▸ **Information shown**
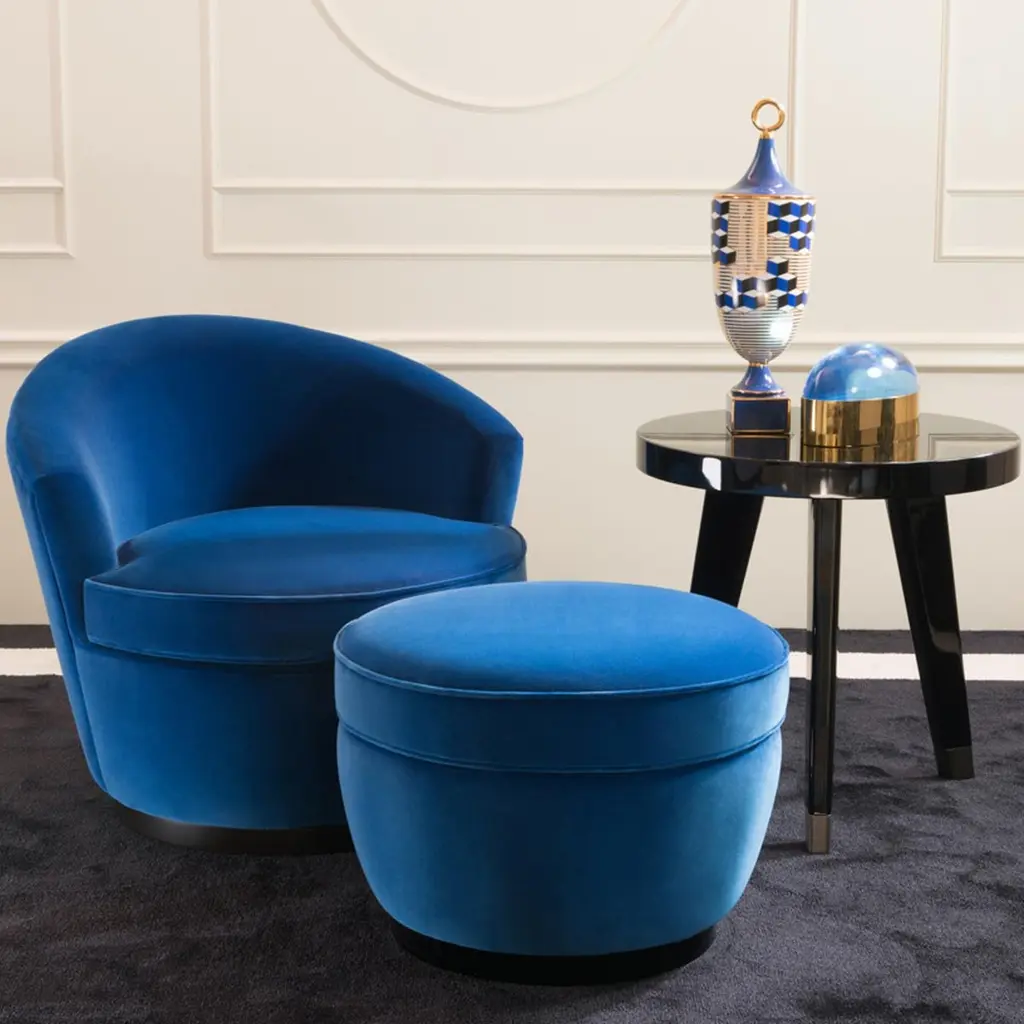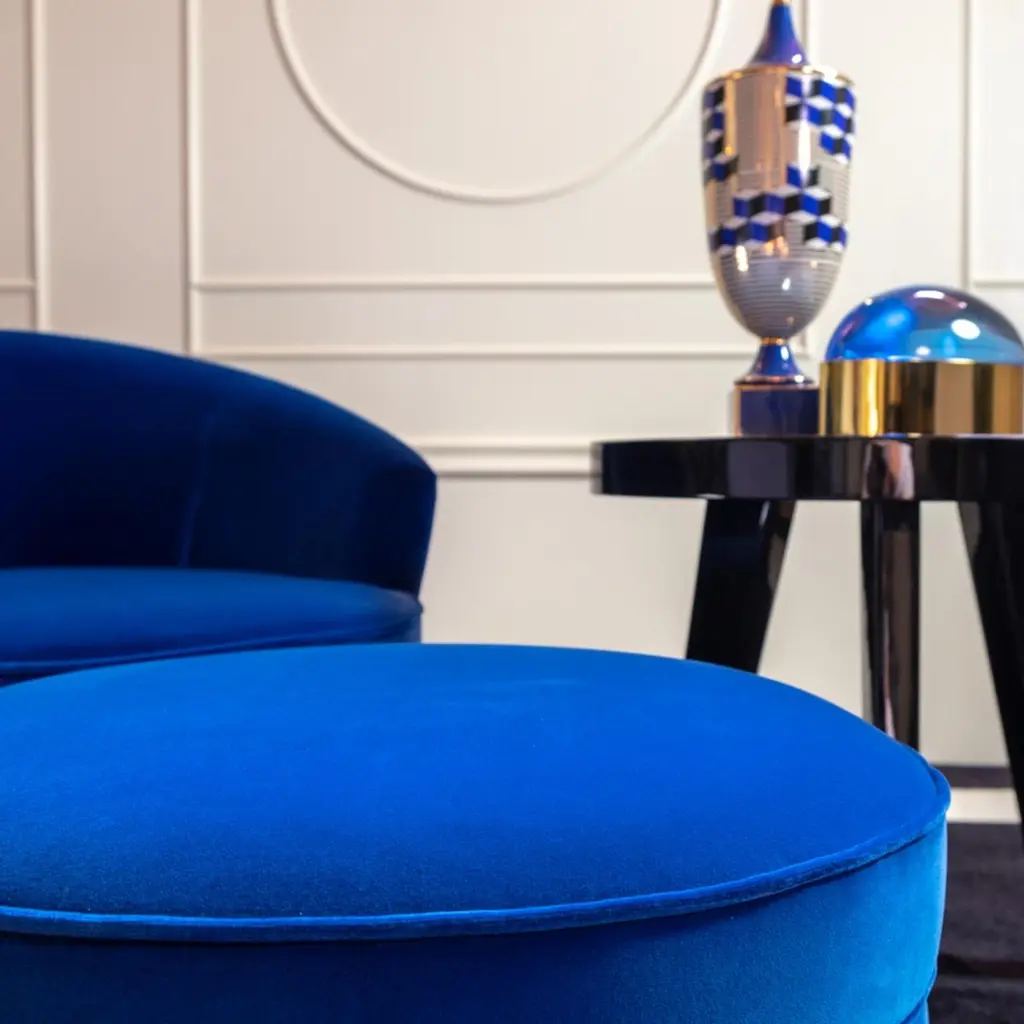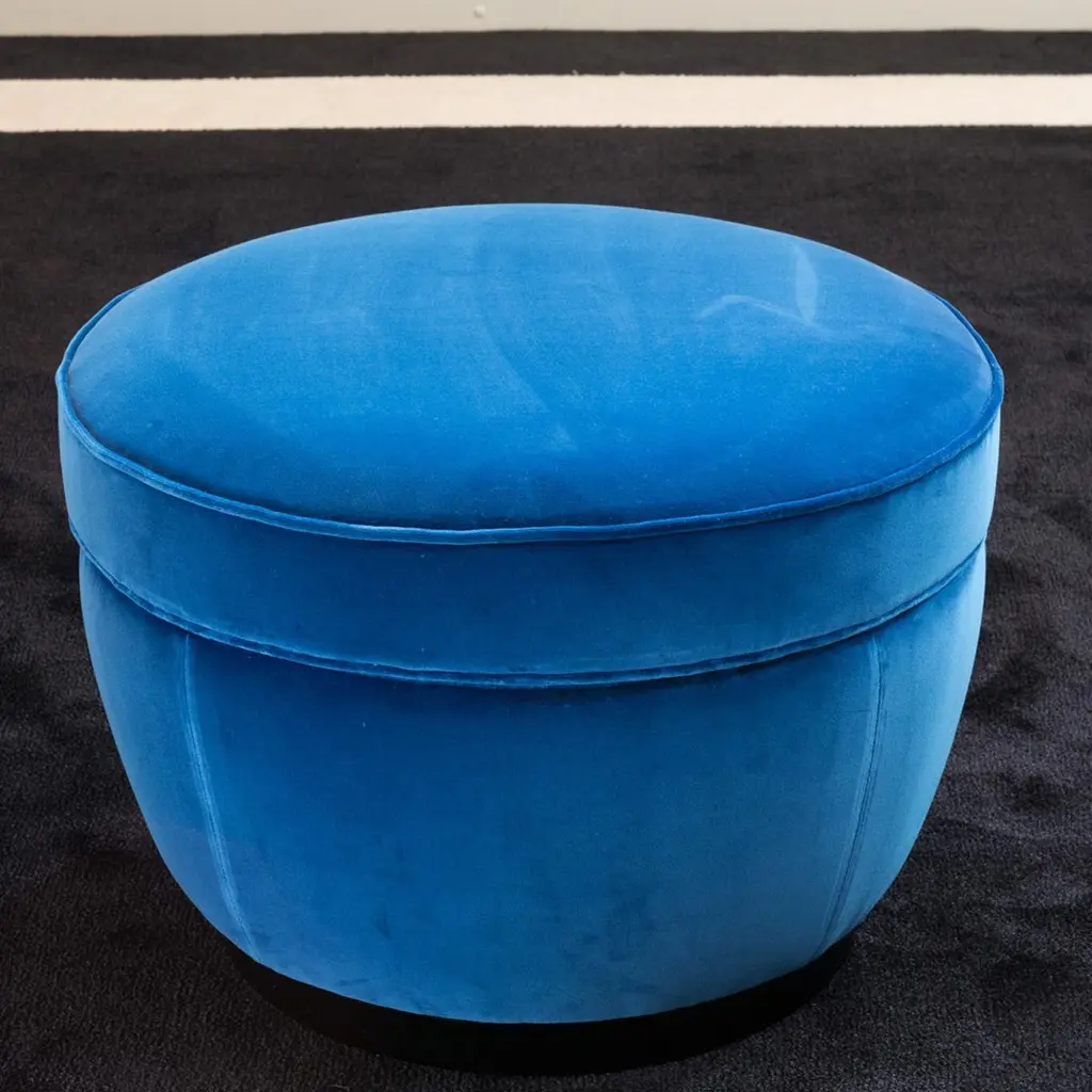 Designed by Domenico Mula as matching accessory for the Georgette Armchair, this pouf's retro-inspired look will fit elegantly in both classic and modern interiors. The round shape showcases a plush velvet fabric cover in cobalt blue with vertical seams around the base that highlight the sinuous silhouette. A versatile and elegant piece that can be used as a footrest and occasional table in a modern living room or seat for a vanity desk in a bedroom, this pouf has a round, hidden base crafted of wood with a matte or glossy lacquered finish. Contract and commercial certifications available upon request.
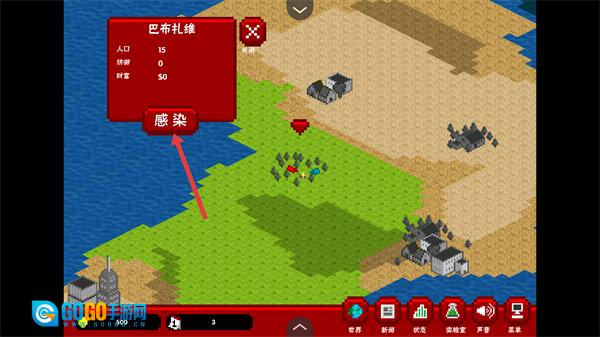 1、在区域界面(例如巴布札维)点击【感染】按钮进入关卡,查看该区域的人口数量、控制率等相关数据,为接下来的感染行动做准备。
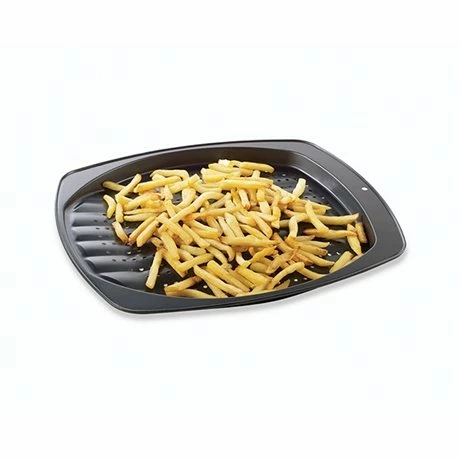 Ce plat à frites perforé précuit 39 cm est idéal pour la cuisson de vos frites au four. Etalez vos frites dessus et glissez le dans votre four… elles cuiront parfaitement grâce aux trous qui permettent de répartir la chaleur. Son revêtement anti-adhérent empêche aux frites de coller. En tôle d’acier, il est résistant et dure dans le temps.

▸ **Work required**
Without any of the pictures, reproduce the listing above exactly.

▸ **Completed exercise**
 Designed by Domenico Mula as matching accessory for the Georgette Armchair, this pouf's retro-inspired look will fit elegantly in both classic and modern interiors. The round shape showcases a plush velvet fabric cover in cobalt blue with vertical seams around the base that highlight the sinuous silhouette. A versatile and elegant piece that can be used as a footrest and occasional table in a modern living room or seat for a vanity desk in a bedroom, this pouf has a round, hidden base crafted of wood with a matte or glossy lacquered finish. Contract and commercial certifications available upon request.
 1、在区域界面(例如巴布札维)点击【感染】按钮进入关卡,查看该区域的人口数量、控制率等相关数据,为接下来的感染行动做准备。
 Ce plat à frites perforé précuit 39 cm est idéal pour la cuisson de vos frites au four. Etalez vos frites dessus et glissez le dans votre four… elles cuiront parfaitement grâce aux trous qui permettent de répartir la chaleur. Son revêtement anti-adhérent empêche aux frites de coller. En tôle d’acier, il est résistant et dure dans le temps.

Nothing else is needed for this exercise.